McLaughlin J T, Hawrot E, Yellen G
Department of Pharmacology, Tufts University, Boston, MA 02111, USA.
Biochem J. 1995 Sep 15;310 ( Pt 3)(Pt 3):765-9. doi: 10.1042/bj3100765.
We constructed and characterized a series of nicotinic receptor mutants with a cysteine substituted for one of the amino acid residues in the alpha-subunit between positions 183 and 198. This region of the receptor is known to participate in agonist binding and channel activation. The goal of this 'cysteine scanning mutagenesis' is to introduce the reactivity of a free thiol group into functionally important protein domains; modification of the introduced cysteines can then be used to probe the structure and function of the targeted region. Mutants were examined by coexpression with the beta-, gamma- and delta-subunits in Xenopus oocytes using two-microelectrode voltage clamp recording. Twelve of fourteen mutants expressed receptors with properties comparable with the wild-type, including sensitivity to reduction by dithiothreitol (DTT). This indicates that introduction of an additional cysteine within this region of the receptor did not interfere with formation of the native disulphide between alpha Cys-192 and alpha Cys-193. Only one mutation, alpha Y198C, caused dramatic changes in the EC50 for acetylcholine (ACh) and in the sensitivity to DTT. We then examined the effects of the thiol modification and found two mutants, alpha H186C and alpha V188C, that showed significant decreases in responsiveness to ACh after exposure to methylmethanethiosulphonate (MMTS). Dose-response measurements show that exposure of alpha H186C mutants to MMTS causes a shift in apparent agonist affinity without changing the peak response, and this is not reversible by DTT. In contrast, the MMTS-treated alpha V188C mutants show changes in both apparent affinity and peak response which are readily reversed by DTT. Together, our data show that these two nearby residues occupy markedly different environments relative to the contact points for ACh. They also demonstrate that cysteine-substitution mutagenesis can be successfully applied to protein domains that include functionally important disulphides.
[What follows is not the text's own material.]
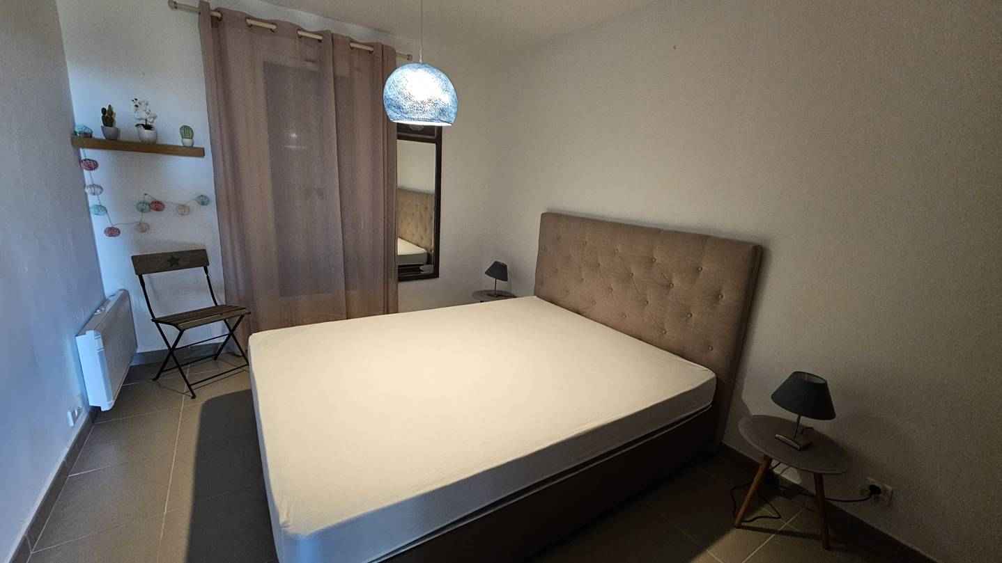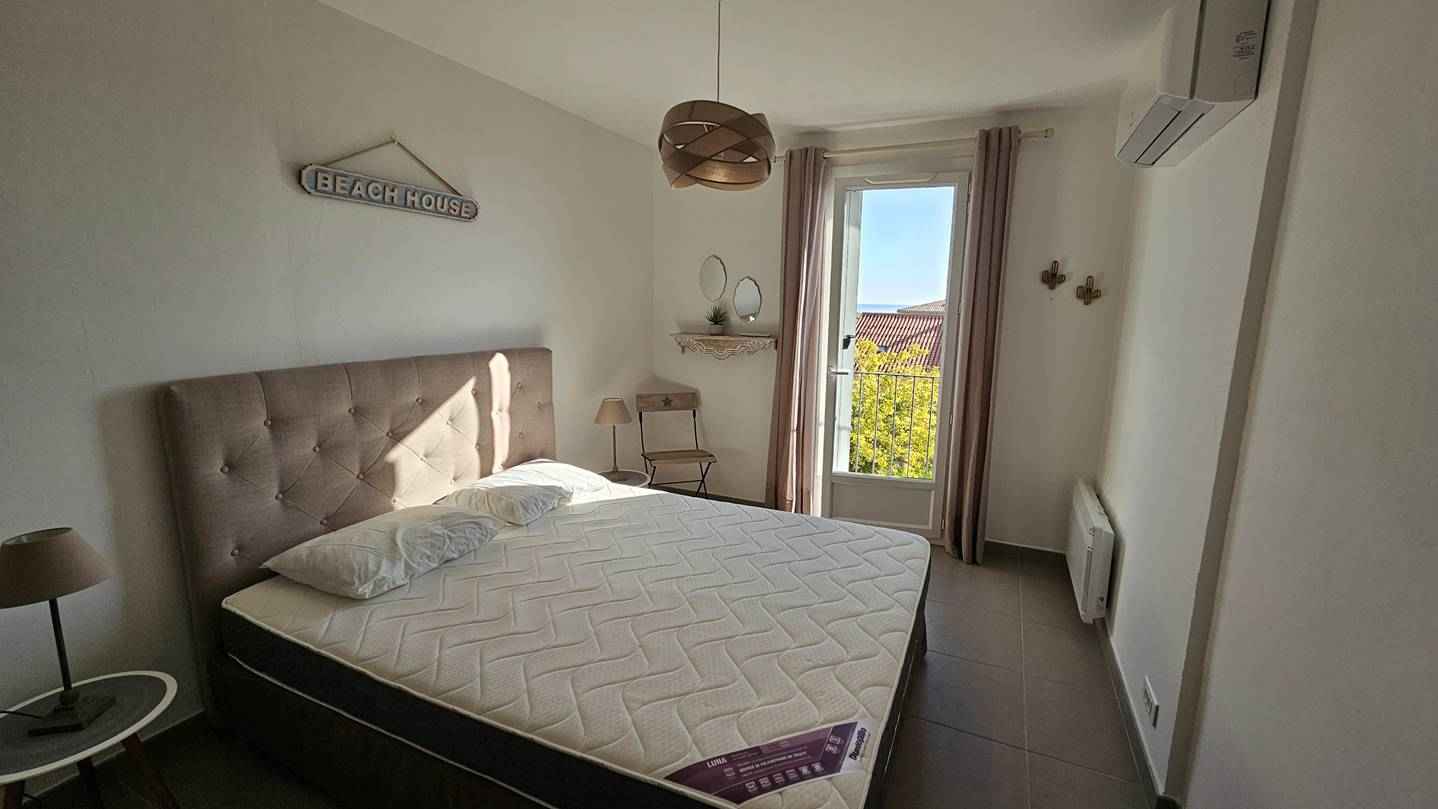 - Chambre 1 : (clim) : balcon : 1 lit en 160, placard de rangement.

我们构建并表征了一系列烟碱型受体突变体,这些突变体在α亚基183位至198位之间的一个氨基酸残基被半胱氨酸取代。已知该受体的这一区域参与激动剂结合和通道激活。这种“半胱氨酸扫描诱变”的目的是将游离巯基的反应性引入功能重要的蛋白质结构域;然后对引入的半胱氨酸进行修饰,以探测目标区域的结构和功能。使用双微电极电压钳记录技术,在非洲爪蟾卵母细胞中与β、γ和δ亚基共表达来检测突变体。14个突变体中有12个表达的受体特性与野生型相当,包括对二硫苏糖醇(DTT)还原的敏感性。这表明在受体的这一区域引入额外的半胱氨酸并不干扰α亚基Cys-192和α亚基Cys-193之间天然二硫键的形成。只有一个突变体αY198C,导致乙酰胆碱(ACh)的半数有效浓度(EC50)和对DTT敏感性发生显著变化。然后我们检测了巯基修饰的影响,发现两个突变体αH186C和αV188C,在暴露于甲硫基甲烷磺酸盐(MMTS)后对ACh的反应性显著降低。剂量反应测量表明,αHl86C突变体暴露于MMTS会导致表观激动剂亲和力发生变化,而峰值反应不变,并且DTT不能使其恢复。相比之下,经MMTS处理的αV188C突变体在表观亲和力和峰值反应上都有变化,DTT很容易使其恢复。总之,我们的数据表明,相对于ACh的接触点,这两个相邻残基所处的环境明显不同。它们还证明,半胱氨酸取代诱变可以成功应用于包含功能重要二硫键的蛋白质结构域。